Temps de lecture : 4 min

Les revenus publicitaires engrangés par Internet dans le monde devraient dépasser cette année 150 milliards de dollars. À lui seul, Google récoltera plus de 30 % de ce pactole, et Microsoft, Yahoo! et Facebook s’en partageront 15 %. Dans l’Hexagone, les quatre mousquetaires états-uniens détiendront au moins 50 % de part de marché sur les quelque 3 milliards investis dans le numérique. Et la presse ? Tous ensemble, les quelques centaines de quotidiens et de magazines, nationaux et locaux, grand public et professionnels, recevront moins de 10 % de ce montant.   
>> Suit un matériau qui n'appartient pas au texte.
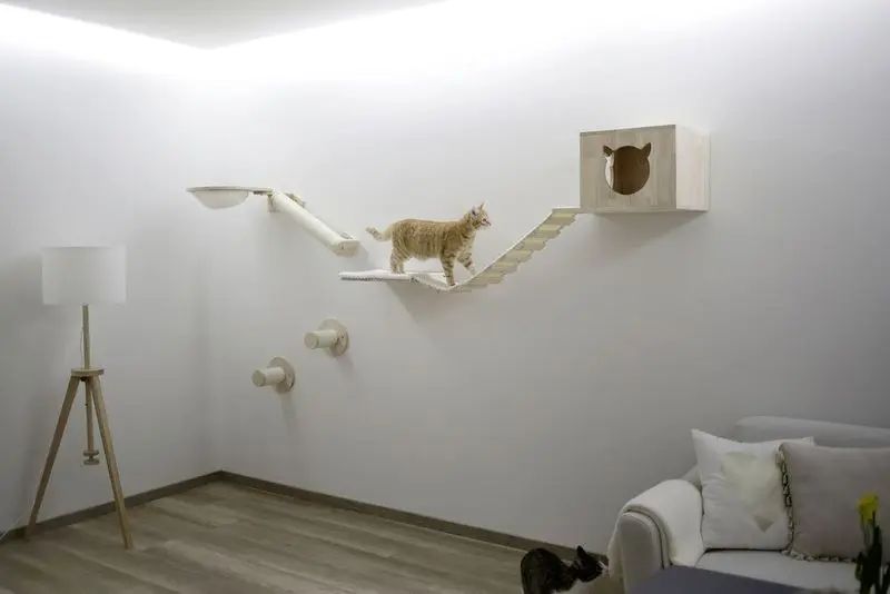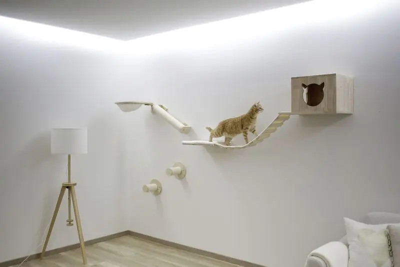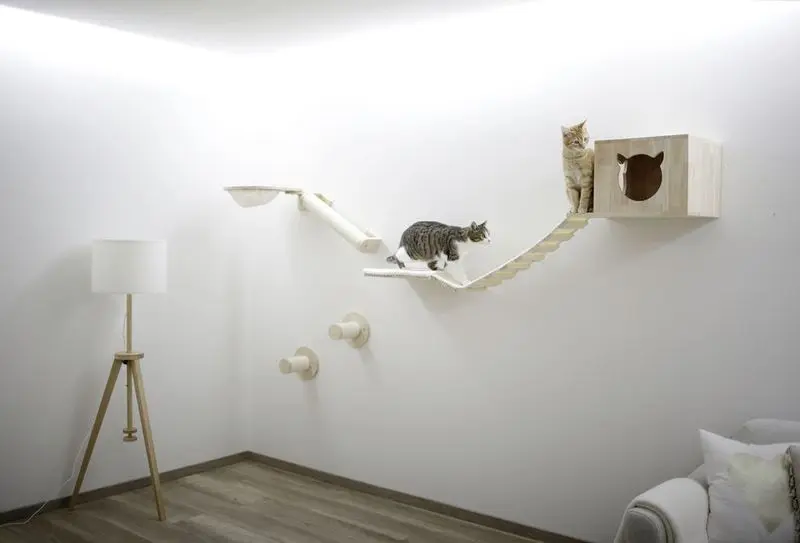 Anden heter denna nya klättervägg som passar katter i alla åldrar, som gillar att klättra och helst sover lite högre upp. Klätterväggar och höga klösträd ökar kattens utrymme och revir i hemmet, samt ger katten en privat sovplats dit t ex hundar och små barn inte når.

Les sites et applications de presse ne dominent aucun segment du marché, à l’exception (partielle) des annonces classées (le classified) : ni le display, ni la vidéo, ni le mobile. Et pourtant, l’écrasante majorité des éditeurs continuent de projeter comme avenir une distribution semi-gratuite de contenus – à l’exception d’espaces premium bien réduits, réservés aux abonnés, qui, pour la plupart, ne paient rien puisqu’ils accèdent aux zones payantes en tant qu’abonnés aux éditions papier. Les revenus publicitaires demeurent donc la source essentielle de financement des activités numériques de la presse, alors qu’elle n’en récolte qu’une part marginale sur la Toile.
 
De plus, les annonceurs et acheteurs d’espace ont considéré que la faiblesse croissante des entreprises de presse, qui ne peuvent indéfiniment tailler dans leurs coûts sans mettre en péril la qualité des contenus, était pour eux l’occasion rêvée de faire coup double : ils font monter d’un cran la pression sur les prix, qui chutent, et ils donnent libre cours à leur gourmandise vis-à-vis des contenus diffusés : désormais, on n’achète plus de l’espace pour communiquer à côté des informations, on exige de coproduire ces dernières. C’est le native advertising, une trouvaille qui pourrait bien devenir un poison pour la presse en ligne.
 
Le native advertising, que certains appellent à tort « publicité indigène », a pour but d’attirer l’attention du consommateur en lui fournissant du contenu dans un contexte éditorial. Il s’agit donc d’effacer tout clivage entre l’éditorial et cette forme de publicité. Les adeptes du native advertising sont les nouveaux médias états-uniens – Google, Facebook, Twitter, Yahoo! – qui refusent d’un côté l’utilisation des formats classiques de publicité sur Internet (la bannière, et même le pré-roll vidéo) parce qu’ils les jugent intrusifs, et en réalité inefficaces. Organisant leurs informations en flux, ils présentent leur publicité de la même façon, en flux, intégrant ainsi les contenus des annonceurs au sein même de leur production éditoriale, dans la continuité du flux. Ils définissent ainsi ce procédé : « mettre la marque annonceur au cœur du contenu éditorial et de l’expérience utilisateur, et ainsi bénéficier de l’influence de la marque éditoriale ». Il s’agit de mettre en place des formats publicitaires plus digestes et moins destructeurs de valeur pour les marques commerciales, souvent victimes d’un retargeting (affichage de messages pour un produit sur des sites visités par un internaute qui a fait preuve d’intérêt pour ce produit sur un autre site) abusif et mal contrôlé de leurs campagnes.
 
En vieux moraliste, j’aurais envie d’appeler cela « tromper le lecteur ». Jugez-en vous-même : selon une étude réalisée par l’Ifop pour la régie Internet Adyoulike, seules 29 % des personnes interrogées ont identifié les publicités natives comme de la communication de marque, contre 77 % pour les bannières.
 
Native advertising New York TimesFace à des données aussi explosives pour le statut et la crédibilité des marques de presse, on aurait pu s’attendre à une réaction des éditeurs qui établisse des frontières infranchissables entre des sites nés essentiellement pour supporter la publicité – comme Google ou Facebook – et des entreprises employant des journalistes. Eh bien, non. La presse a vite chanté les louanges de la publicité native. Et à l’avant-garde de cet engouement on peut même trouver – à côté de Lagardère – une régie comme celle du Monde qui, tout en ayant toujours fait de l’indépendance de la rédaction sa colonne vertébrale, consacre un minisite au native advertising.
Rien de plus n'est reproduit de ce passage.